[Start of Attachment]

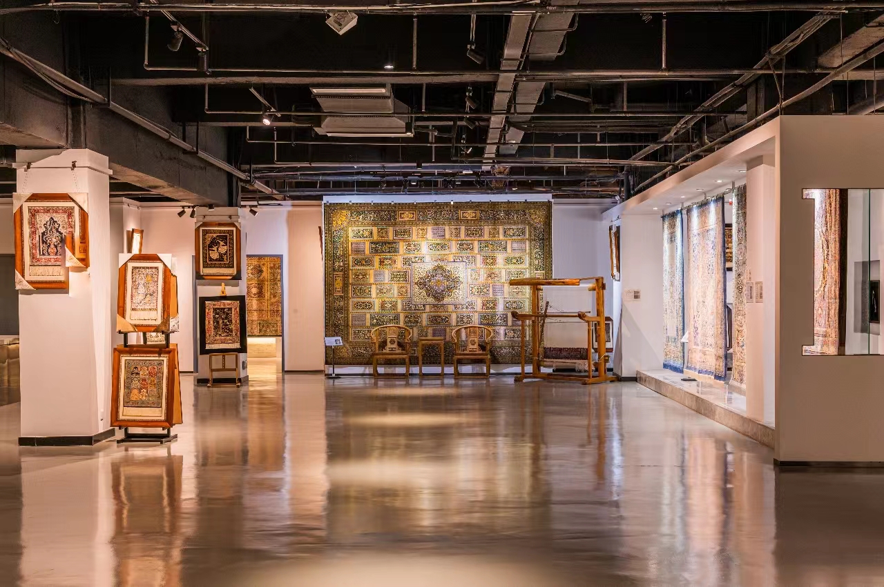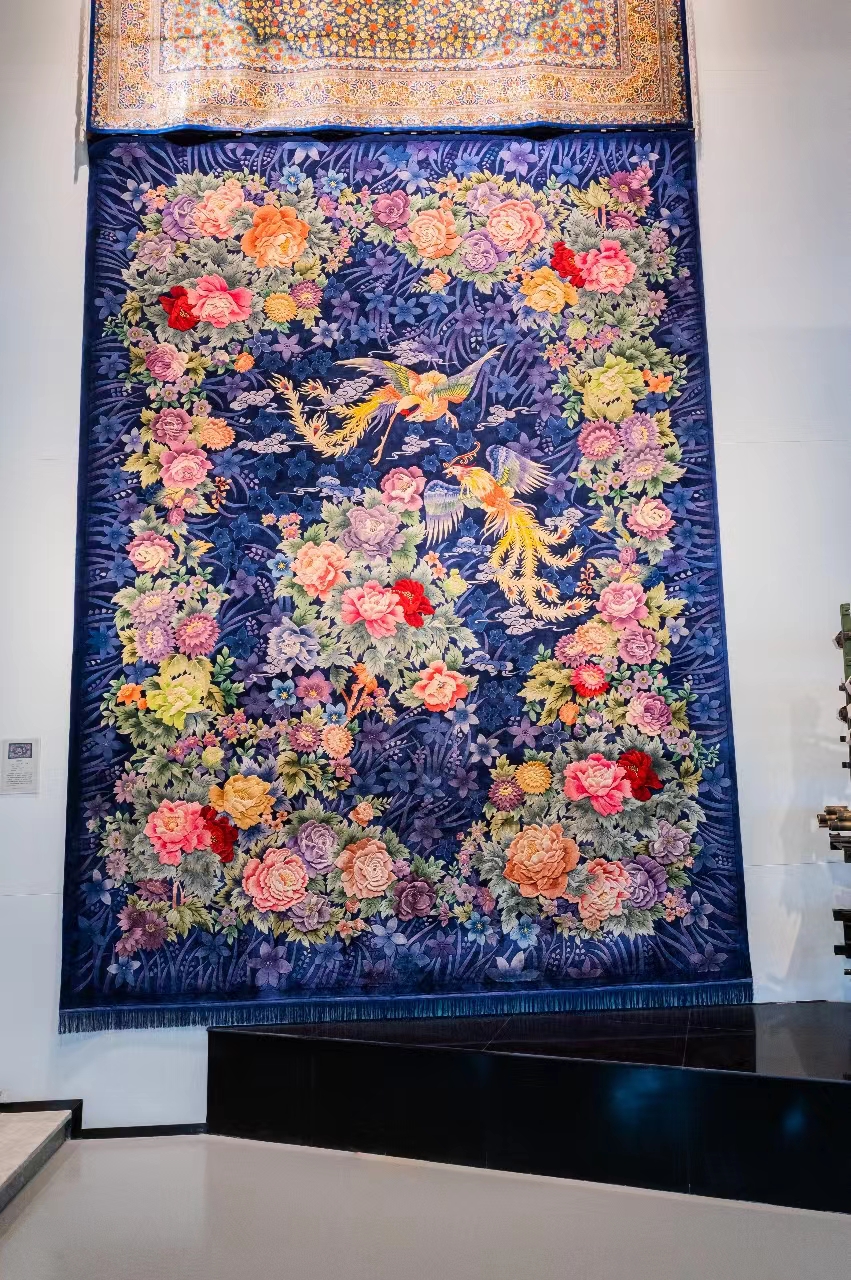 手工打結(jié)絲毯充分利用蠶絲特性,具有紋路細(xì)密緊實(shí),毯質(zhì)柔軟而有彈性,顏色鮮亮,圖案細(xì)膩,防水、防皺、不褪色、不變形等特點(diǎn)。特別是利用蠶絲線的光澤和織造的統(tǒng)一方向性。因此,當(dāng)你在一張絲毯前走動(dòng)時(shí),絲毯的每個(gè)地方由于光線角度不同,會(huì)均勻的發(fā)生“由暗及亮”或“由亮及暗”的變化,像在親臨一場(chǎng)近景魔術(shù),光彩四溢、十分夢(mèng)幻。閬中古城人用手的溫度呵護(hù)著傳統(tǒng)工藝的生命力,讓保存在方寸之間的魔法美學(xué),在時(shí)空交換中得以世代承襲,孕育出讓世界為之矚目的東方傳奇。
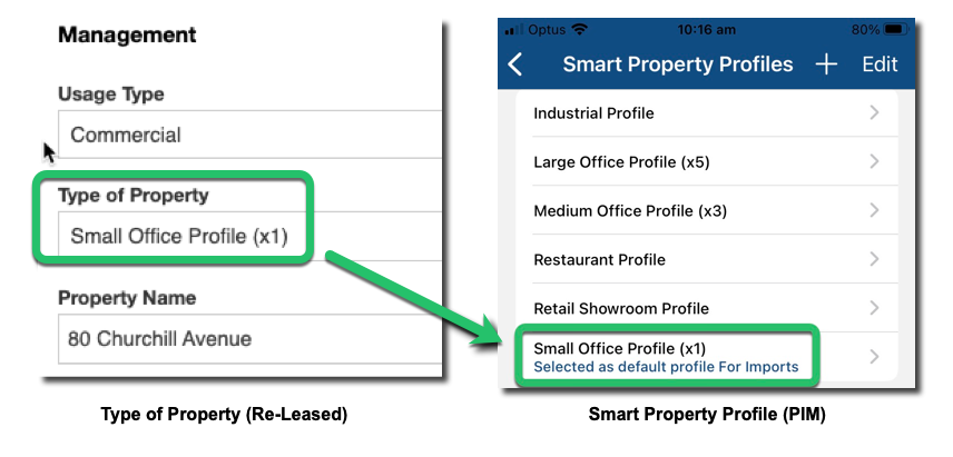 | Your scheduled inspection in Re-Leased will have a Property Type, ie. House, or Small Office Profile (x1). PIM will look for the same name in the Smart Property Profiles, and use the areas within that profile to create your inspection. If there is no match then PIM will import and set up your new inspection as the default profile set in PIM. You can review these in Settings > PIM Admin > Smart Property Profiles. ![]() To set up your PIM Smart Property Profiles to match Re-Leased, see the Smart Property Profiles Guide for more information. |
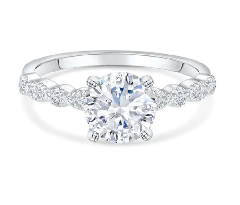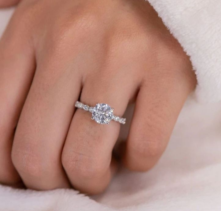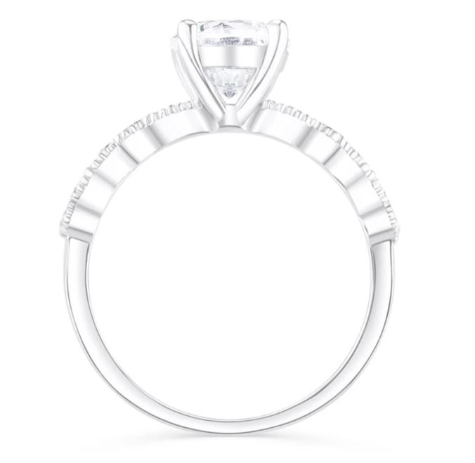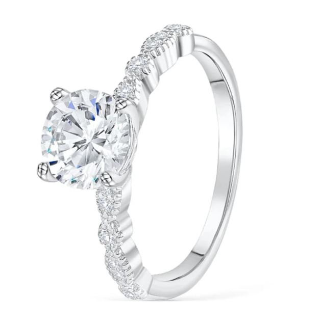 Features 1.50ct round brilliant cut center stone 0.02ct each round brilliant cut accent stones in vintage style.
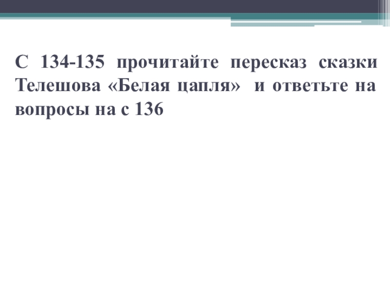 С 134-135 прочитайте пересказ сказки Телешова «Белая цапля» и ответьте на вопросы на с 136
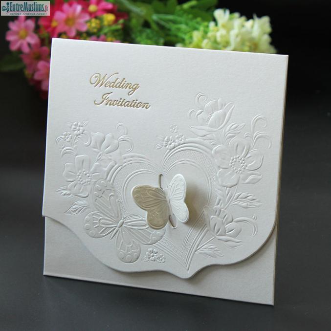 assalam aleikoum wa ramatoullah ...invitations de mariage lot de 80 cartes couleur ivoire satine avec un papillon en boucle entoure de relief 3D embossage de fleur ideal pour annoncer votre mariage insha allah

[End of Attachment]

▶ _REQUIRED WORK_
Every line from the one containing "Features 1.50ct round" to the end of the material above is to be returned exactly, with the pictures left out.

▶ _ANSWER BOX_
 Features 1.50ct round brilliant cut center stone 0.02ct each round brilliant cut accent stones in vintage style.
 С 134-135 прочитайте пересказ сказки Телешова «Белая цапля» и ответьте на вопросы на с 136
 assalam aleikoum wa ramatoullah ...invitations de mariage lot de 80 cartes couleur ivoire satine avec un papillon en boucle entoure de relief 3D embossage de fleur ideal pour annoncer votre mariage insha allah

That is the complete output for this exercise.